Another change in Madame Loisel is that she learns humility. She lived the life of a spoiled and proud woman before the necklace, and sat at ever meal and "thought of dainty dinners, of shining silverware". She pines to be with great people, at great balls, and to have a great house. At the end though, she is just a person working hard to earn her bread. Only once in a while does she pine, but more maturely. Instead of moping and whining she thinks, "What would have happened if she had not lost that necklace? Who knows? who knows? How strange and changeful is life!" She thinks of it as a life lesson, and goes about her work. She is humbled by her experiences, and no longer the materialistic woman she used to be.

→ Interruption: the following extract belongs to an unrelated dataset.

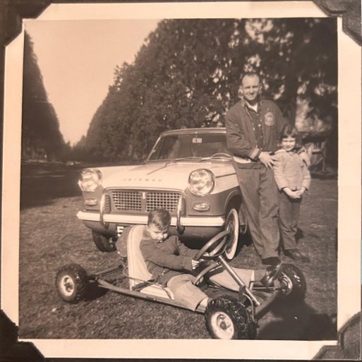 | This was an amazing surprise discovery in April 2004. This incredible avenue of two hundred and eighteen Wellingtonia is near the town of Camberley, running parallel to the Chobham Ridges (B3015, which meets the B311 just north of where the avenue terminates). The avenue begins straddling Yockley Close at the southern end, passes along a park before going through walkways and reaching up near Upper Cobham Road (B311). A walk along it seems to last for ever and passes Redwood Drive (naturally...), and Longlands Way. One point worthy of note is that despite the passage of almost a century and a half, very nearly all of the original trees are still standing tall and proud. This surely demonstrates the hardy nature and marvellous disease resistance of these trees - their only real enemy being lightning - and greedy land developers of course! The picture does not do the avenue justice, but does at least show a small section of these superb trees. Thanks to Duncan who sent us some very interesting information about this avenue in 2006: I can tell you this avenue was planted in 1865 by my great great grandfather, Frederick Street (1835-1906). He did this on behalf of Augustus Mongredien - the then owner of Heatherside House (a pretty house which still stands beside the B311, at the northern end of the avenue), with its associated tree and shrub nursery which extended over some 30 acres nearby of what was then the Bagshot Heath. A brief history of Mongredien's nursery, and the planting of the avenue, is given in E J Willson's book Nurserymen to the World [published privately by Miss Willson in 1989; ISBN 0-9514364-0-6] Larry emailed in 2009 to say "My parents were stationed in London from 1960-1964. During that time they rented half of a manor house known as "Yockley End" in Camberly, Surrey off London Road. The manor house, split into a duplex, had a driveway that was lined with redwoods. I don't remember the house, being only months old. I had the chance to visit in 1975 and those are the only redwoods I have ever seen - very cool as an American. They were huge. By that time the grounds had been subdivided for new homes - the tennis court, golf course, and most of the grounds were gone but the trees were still there. The stories I heard growing up was that the trees were brought over from California in the late 1600's or early 1700's. Not sure how true that is. Thanks Larry, yes, I guess the estate was divided up but I am pleased they retained the Redwoods. It is nice to have a record of people's memories of these old estates. Giant Sequoia were only discovered in the 1850's by the Victorian plant hunters, so the stories you heard about the trees being brought over from California in the late 1600's or early 1700's were not accurate. People could easily be forgiven, however, for believing that they are much older than their actual years as the larger trees give the appearance of much greater age. If this avenue of trees was among the first to be planted in the U.K. that would make them now just over 150 years old (in 2009) - still babies of course! ![]() Larry wrote again in 2026, he sent this picture "circa 1960 with my Dad showing off his new Triumph with the Wellington trees in the background. One of my sisters with dad and my older brother showing off his new go-kart that dad bought him." |

In "The Necklace" Madame Loisel's appearance is greatly altered as, in her pride, she refuses to tell her friend that she has lost the borrowed necklace. Instead she and her husband repay the "frightful debt" by M. Loisel's working nights. For ten years they work; doing all the housework, Mme. Loisel becomes "heavy, rough, harsh, like one of the poor. Her hair untended, her skirts askew, her hands red, her voice shrill...." No longer is there any trace of the "pretty and charming girl."
However, Madame Loisel has not changed in her attitude; she is still proud and values material things over spiritual ones. For, she does not demonstrate any gratitude to her husband for his sacrifices on her behalf. Just as she is ungrateful for his using the money he has saved for a rifle to buy the gown for the reception in the beginning of the story, she demonstrates no gratitude for his years of labor and sacrifice. It is only important to have the gown, or to earn the money to repay their debt on the diamond necklace.
When Mme. Loisel encounters her former friend from whom she has borrowed the fateful necklace, she approaches the lady, telling her proudly how she has replaced the borrowed necklace and paid for it:
Mme. Forestier stopped short. 'You mean to say you bought a diamond necklace to replace mine?'
'Yes.You never noticed, then? They were quite alike.'
And she [Mme. Loisel] smiled with proud and simple joy.
To the end Mme. Loisel tragically retains the perverse pride she has in valuing the wrong things, one of which is "only paste."